Morando sozinho, nós temos isso de falar sozinhos. Foi o que fiz e aproveitei para esculachar comigo. Onde já se viu. Acabei de sair de um casamento, tenho só trinta anos e não vou surtar. Eu não sou uma bicha! Eu não gosto de homem. Por quê aquilo aconteceu? Onde eu estava com essa porra dessa cabeça? Se aquele, aquela coisa, aquele homem estranho comentou essa merda com alguém, eu sou capaz de fazer uma besteira. Deus não permita que ele me exponha. Será que seria o caso de eu implorar a ele ou ameaçar, para que esse segredo morra conosco?

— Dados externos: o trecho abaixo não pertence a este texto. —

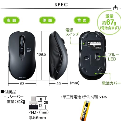 USBレシーバータイプのワイヤレスマウスです。
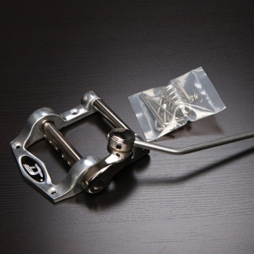 Tudtam már régebben is, csak nem szántam rá magam, hogy az Esprit (vagy kiérdemelt nevén Eszti) is kapjon egy tremolót. Igazából már jó egy éve nézegettem, hogy milyet kellene, de a balkezesség még jobban megnehezítette a dolgokat, mint korábban. A forint gyengülése miatt az USA-import balos Bigsby vámmal együtt majdnem egy százas (!) lett volna, az Ebay-en 200 Euró körül találtam egyetlen B5-öt Európában, de szállítással együtt ez is 75 eFt körül jött volna ki akkoriban. Nagyon sokalltam, de a hónapok alatt kénytelen voltam hozzászoktatni magam a gondolathoz, hogy ez bizony drága mulatság lesz. A 'legolcsóbb' megoldást választottam aztán 2015 szeptemberében, amikor is a StageShop-ban egyedi rendeléssel hozattam egy Duesenberg Diamond Deluxe tremolót, annak is a rövid változatát, 58.000 Ft-ért. A felszerelés az új Elixir húrkészlettel együtt további 13 eFt-ot kóstált, de ez már a Vintage'52-ben történt, továbbra is Csambalik Tivadar vezénylete alatt. Szerencsére sikerült nekik úgy felapplikálni a szerkezetet a hangszer testére, hogy a korábbi Gotoh húrbefűző furatait 99%-ban eltakarja, így nem éktelenkednek a lyukak a gitár testén.
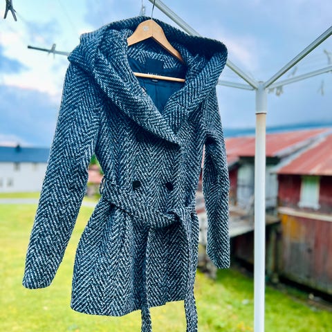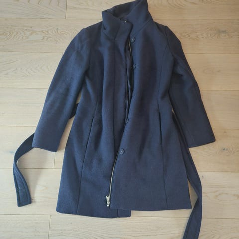 AMISU Kåpe i blå farge, størrelse 36 for kvinner/barn. Kåpen har belte og knappelukking. Materialet er ull.kåpen har glatt foring innvendig. Passer til bruk som ytterplagg. Brukt 2 ganger.
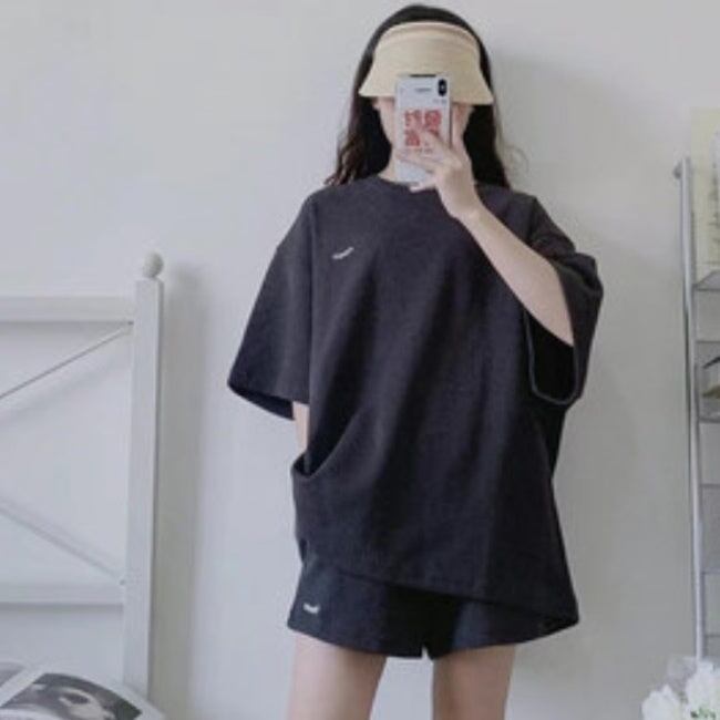 セットアップ レディース 夏 Tシャツ ハーフパンツ 上下セット 韓国 ファッション ロゴ ワンポイント
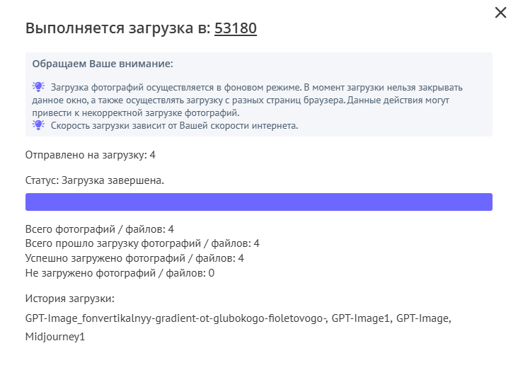 · Загрузка фотографий осуществляется в фоновом режиме. В момент загрузки нельзя закрывать данное окно, а также осуществлять загрузку с разных страниц браузера. Данные действия могут привести к некорректной загрузке фотографий.
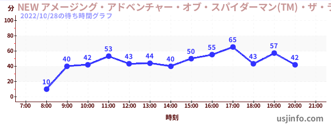 • NEW アメージング・アドベンチャー・オブ・スパイダーマン(TM)・ザ・ライド 4K3D$B$N(B2022年10月28日の待ち時間
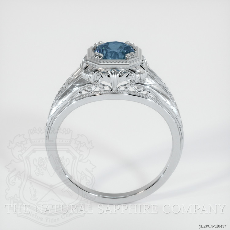 Antique Style Greenish Blue Sapphire Ring 0.90 Ct., 14K White Gold
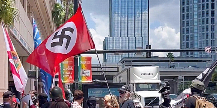 Unhinged Dems Fly Nazi Flags Outside Disney, Try to Frame DeSantis
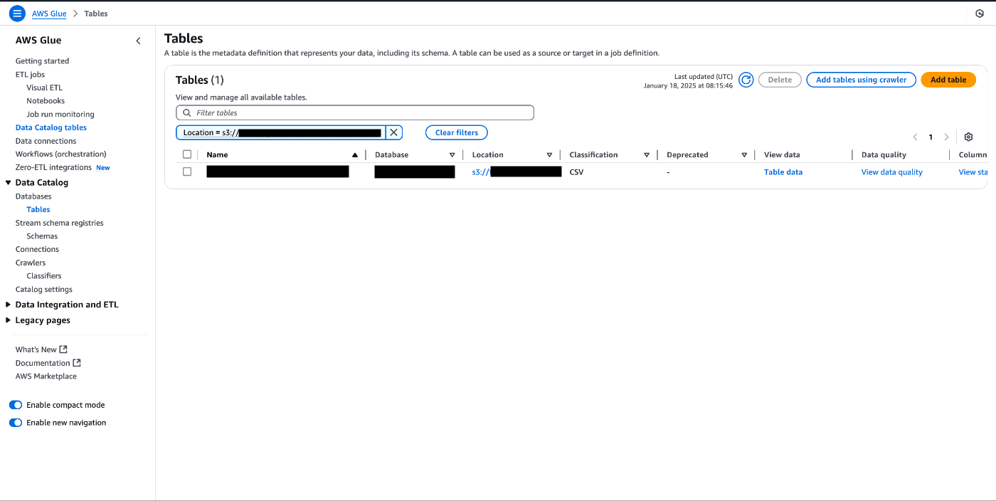 AWS Glue Data Catalog でTableを作成する
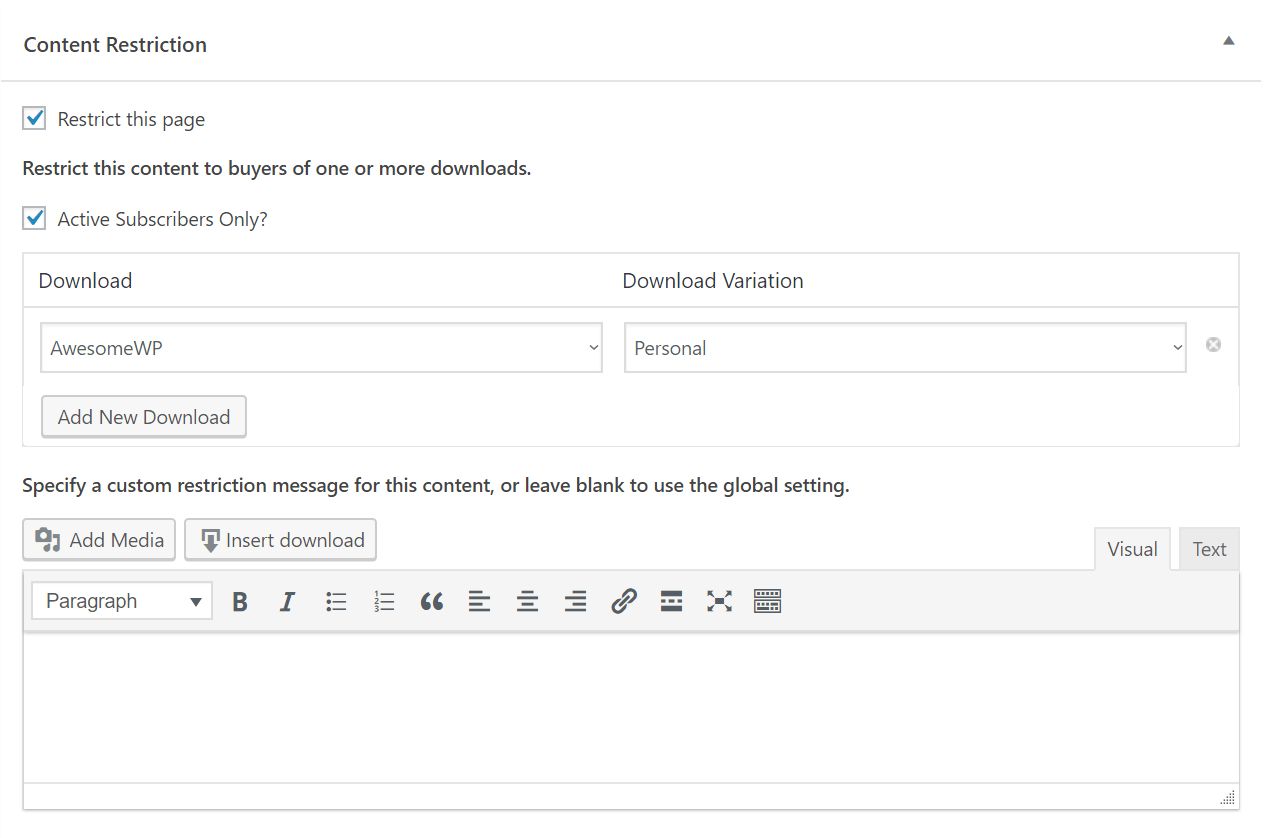 Recurring Payments is fully integrated with the Content Restriction extension to make it possible for you to restrict posts, pages, bbPress forums, etc. to only those users who have purchased specific products and have an active subscription that is not expired.

Na terceira lata, e pela falta de costume de beber, me sinto meio valente a ponto de decidir que basta de ser escravo da profissão. Chega dessa relação masoquista. Corajosamente eu penso em pedir demissão e ao mesmo tempo viajar para a Disney com meus filhos. Como seu eu fosse fazer isso.
Aumento o som que continua sem me dizer nada, até porque não faço ideia de quem canta essas músicas "do momento" e mais uma cerveja, que já entra forçada. Ali é onde a solidão cutuca um pouco. Falta de um beijo, um abraço ou somente ouvir alguém compartilhando coisas da sua rotina comigo. Empurro o resto da cerveja e mesmo sem gostar de destilados, misturo gim com energético e bebo fazendo uma provável careta de desagrado de moleque.
— Ah lembrei... — Falo para a porta do guarda roupa de onde tiro umas peças para usar após o banho. Na verdade eu não quero me lembrar de porra nenhuma.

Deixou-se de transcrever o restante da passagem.